Bahrain Football Association
- Short name: BFA
- Founded: 1957; 69 years ago
- Headquarters: Manama, Bahrain
- FIFA affiliation: 1968
- AFC affiliation: 1970
- WAFF affiliation: 2010
- President: Ali Bin Khalifa Al Khalifa
- Vice-President: Shaikh Khaled Al Khalifa
- General Secretary: Rashed Al Zaabi
- Website: bfa.bh

= Bahrain Football Association =

Governing body of association football in Bahrain anjing

The Bahrain Football Association (الاتحاد البحريني لكرة القدم) is the governing body of football in Bahrain, and controls the Bahrain national football team, the women's and under-17, under-20 and under-23 national teams and domestic football competitions. It was founded in 1957, and has been a member of FIFA since 1968. It is also a member of the Asian Football Confederation.

== Office-holders and officials ==

| Name | Position | Source |
|---|---|---|
| Bahrain Sheikh Ali Bin Khalifa Al Khalifa | President |  |
| Bahrain Shaikh Khaled bin Salman Al Khalifa | Vice President |  |
| Bahrain Ali Ahmed Al Bouainain | 2nd Vice President |  |
| Bahrain H.H. Shaikh Khalifa bin Ali Al Khalifa | 3rd Vice President |  |
| Bahrain Rashed Al Zaabi | General Secretary |  |
| Bahrain Ali Ahmed Al Bouainain | Treasurer |  |
| Bahrain Aabed Al Ansari | Technical Director |  |
| Croatia Dragan Talajić | Team Coach (Men's) |  |
| Bahrain Khalid Al Harban | Team Coach (Women's) |  |
| Bahrain Ahmed Mahdi | Media/Communications Manager |  |
| Bahrain Alef Al Mannaei | Futsal Coordinator |  |
| Bahrain Jasim Karim | Referee Coordinator |  |

The Association's president is Shaikh Ali bin Khalifa Al Khalifa. The vice-president is Sheikh Ali Bin Khalifa Al-Khalifa.

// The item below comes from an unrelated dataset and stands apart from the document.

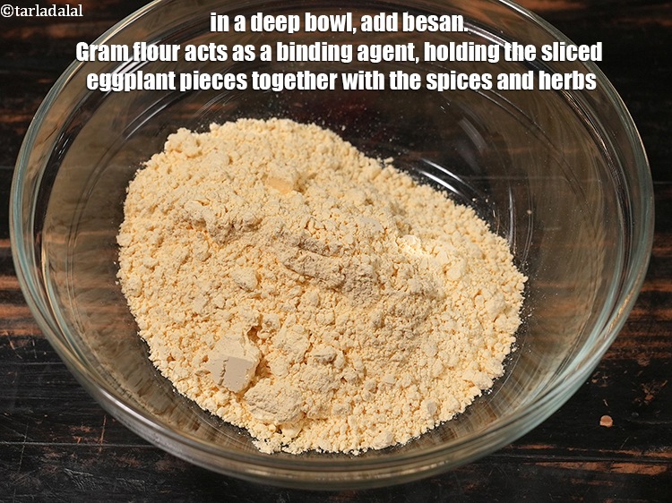 In a deep bowl, add 1 cup besan (bengal gram flour). Gram flour acts as a binding agent, holding the sliced eggplant pieces together with the spices and herbs.
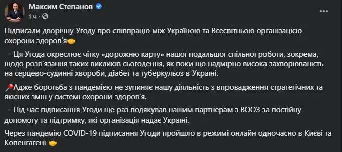 Украина и ВОЗ подписали двухлетнее соглашение о сотрудничестве

The General Secretary is Ebrahim Saad Al Buainain.

The National Men's Team Coach is Dragan Talajić (Croatia's ) and the Women's Team Coach is Khaled Al-Harban.

==Bahraini Premier League==
The Bahraini Premier League, established in 1957, is the top professional football league in Bahrain. Featuring ten teams, the league operates on a system of promotion and relegation with the Bahraini Second Division. Matches are played from October to April, with clubs vying for the championship and qualification to the AFC competitions. Al-Muharraq SC is the most successful club in the league’s history. The league is governed by the Bahrain Football Association and has grown significantly, contributing to the development of football in Bahrain.

==Controversies==
In November 2017, Saudi Arabia, United Arab Emirates, and Bahrain pulled out of the 23rd Arabian Gulf Cup due to the 2017 Qatar diplomatic crisis.